**EXERCISE DETAILS:** Give back the full listing as written. No pictures go with it.

**INFORMATION SUPPLIED:**

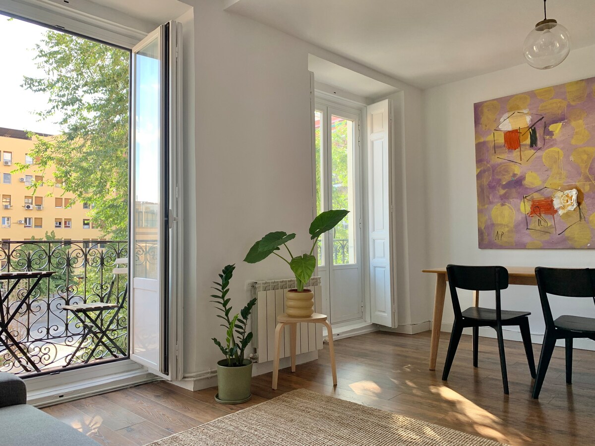 Հոյակապ 45 քառակուսի մետր մակերեսով բնակարան Մադրիդի սրտում ։ Տպավորիչ դիզայնով և ձևավորմամբ, ընդարձակ տարածքներով և բարձր առաստաղներով ՝ բնակարանը հագեցած է այն ամենով, ինչ անհրաժեշտ է Մադրիդում մնալու համար ։ Հյուրասենյակն ունի փողոցին նայող երեք պատշգամբ, որոնք հիանալի պայծառություն են հաղորդում բնակարանին ։ Ննջասենյակում կա առանձին լոգասենյակ և աշխատասեղան ։ Բնակարանից կարող եք քայլել դեպի Մադրիդի գրեթե բոլոր նշանավոր կետերը:
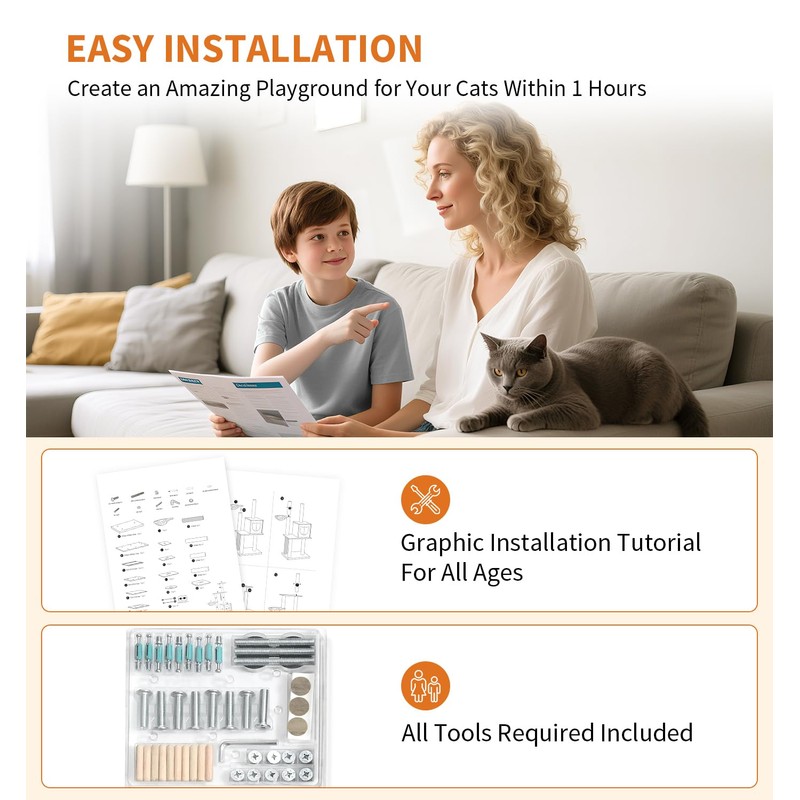 - Easy Assembly, Big Fun—This thoughtfully designed cat tree tower includes clear step-by-step instructions and all required tools, making the setup process simple and stress-free. Once assembled, it becomes a reliable source of daily comfort, fun, and enrichment for your feline companions.
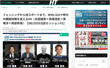 2020.09.24HALF TIMEにてSBJ2020注目セッションを紹介中【#1】フェンシングから他スポーツまで。Withコロナ時代の観戦体験を変えるDX(太田雄貴×馬場浩史×馬場渉×岡部恭英)
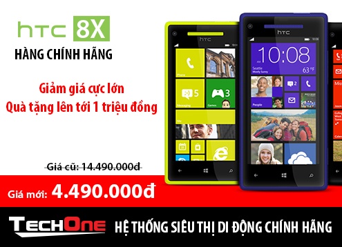 Đứng đầu trong danh sách này phải kể đến HTC 8X, chiếc smartphone Windows Phone 8 cao cấp nhất của hãng điện thoại Đài Loan. Trong thời điểm giáp Tết, HTC 8X đã thực sự gây sốt trên thị trường nhờ mức giá giảm gây sốc tới gần 10 triệu đồng so với giá bán 14 triệu đồng khi mới được ra mắt vào cuối năm 2012. Hiện tại, HTC 8X đang được bán tại TechOne với giá 4,4 triệu đồng và là lựa chọn sáng giá với người dùng muốn sắm điện thoại Windows Phone.

**RESPONSE BELOW:**
 Հոյակապ 45 քառակուսի մետր մակերեսով բնակարան Մադրիդի սրտում ։ Տպավորիչ դիզայնով և ձևավորմամբ, ընդարձակ տարածքներով և բարձր առաստաղներով ՝ բնակարանը հագեցած է այն ամենով, ինչ անհրաժեշտ է Մադրիդում մնալու համար ։ Հյուրասենյակն ունի փողոցին նայող երեք պատշգամբ, որոնք հիանալի պայծառություն են հաղորդում բնակարանին ։ Ննջասենյակում կա առանձին լոգասենյակ և աշխատասեղան ։ Բնակարանից կարող եք քայլել դեպի Մադրիդի գրեթե բոլոր նշանավոր կետերը:
 - Easy Assembly, Big Fun—This thoughtfully designed cat tree tower includes clear step-by-step instructions and all required tools, making the setup process simple and stress-free. Once assembled, it becomes a reliable source of daily comfort, fun, and enrichment for your feline companions.
 2020.09.24HALF TIMEにてSBJ2020注目セッションを紹介中【#1】フェンシングから他スポーツまで。Withコロナ時代の観戦体験を変えるDX(太田雄貴×馬場浩史×馬場渉×岡部恭英)
 Đứng đầu trong danh sách này phải kể đến HTC 8X, chiếc smartphone Windows Phone 8 cao cấp nhất của hãng điện thoại Đài Loan. Trong thời điểm giáp Tết, HTC 8X đã thực sự gây sốt trên thị trường nhờ mức giá giảm gây sốc tới gần 10 triệu đồng so với giá bán 14 triệu đồng khi mới được ra mắt vào cuối năm 2012. Hiện tại, HTC 8X đang được bán tại TechOne với giá 4,4 triệu đồng và là lựa chọn sáng giá với người dùng muốn sắm điện thoại Windows Phone.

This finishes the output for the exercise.